The answer must consist solely of the lines from the start of the records through the line containing "della Francia |", restated word for word, with no pictures.

################

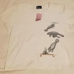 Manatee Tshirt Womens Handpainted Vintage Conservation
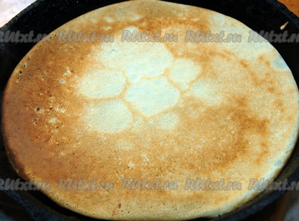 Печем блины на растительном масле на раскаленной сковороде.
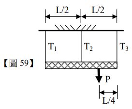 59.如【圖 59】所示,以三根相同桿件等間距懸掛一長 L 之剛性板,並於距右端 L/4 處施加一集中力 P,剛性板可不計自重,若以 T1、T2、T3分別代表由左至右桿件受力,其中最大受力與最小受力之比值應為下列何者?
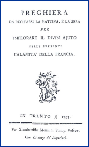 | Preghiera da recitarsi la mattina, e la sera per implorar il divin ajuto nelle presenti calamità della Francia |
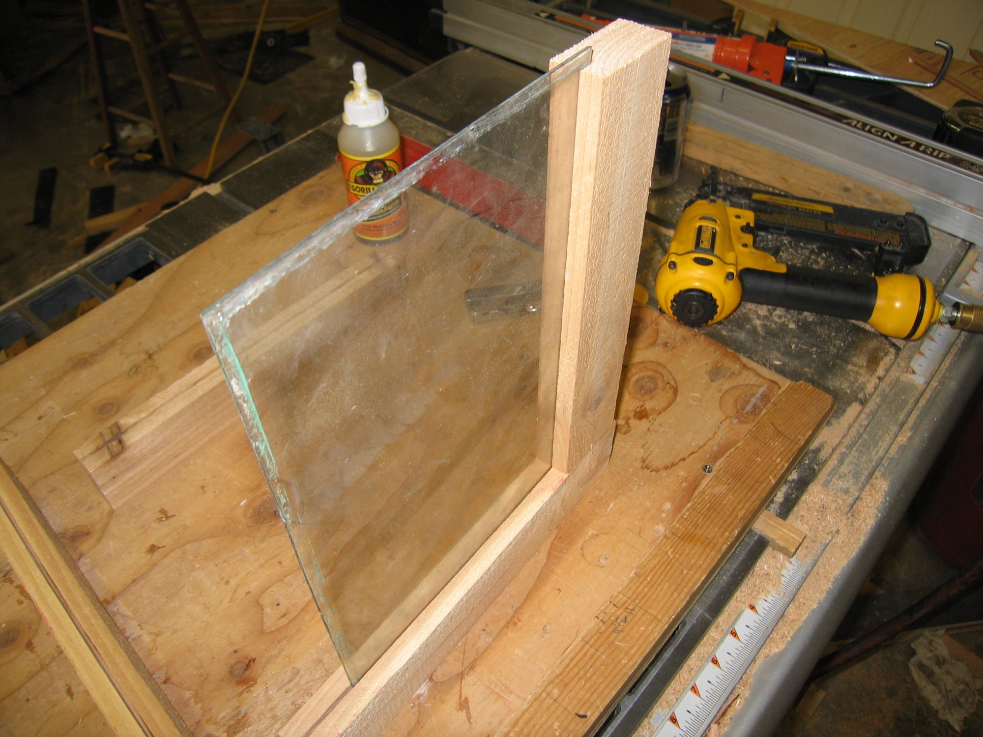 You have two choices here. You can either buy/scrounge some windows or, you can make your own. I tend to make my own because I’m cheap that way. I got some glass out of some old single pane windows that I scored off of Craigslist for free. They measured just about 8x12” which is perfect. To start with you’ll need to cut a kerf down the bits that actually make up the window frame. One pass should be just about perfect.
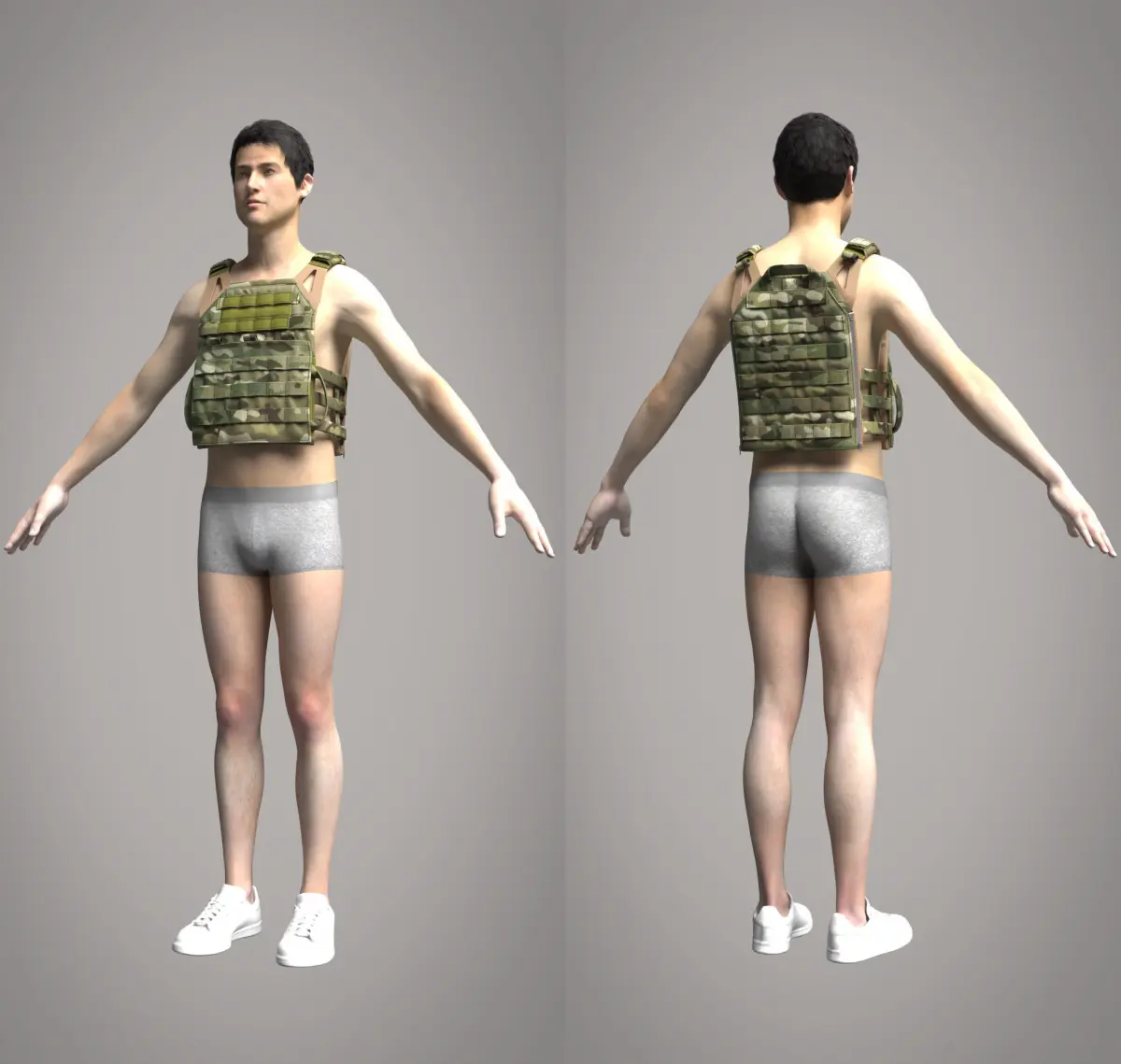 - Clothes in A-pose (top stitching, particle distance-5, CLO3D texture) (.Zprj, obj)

################

> SOLUTION FOR THIS PROBLEM:
 Manatee Tshirt Womens Handpainted Vintage Conservation
 Печем блины на растительном масле на раскаленной сковороде.
 59.如【圖 59】所示,以三根相同桿件等間距懸掛一長 L 之剛性板,並於距右端 L/4 處施加一集中力 P,剛性板可不計自重,若以 T1、T2、T3分別代表由左至右桿件受力,其中最大受力與最小受力之比值應為下列何者?
 | Preghiera da recitarsi la mattina, e la sera per implorar il divin ajuto nelle presenti calamità della Francia |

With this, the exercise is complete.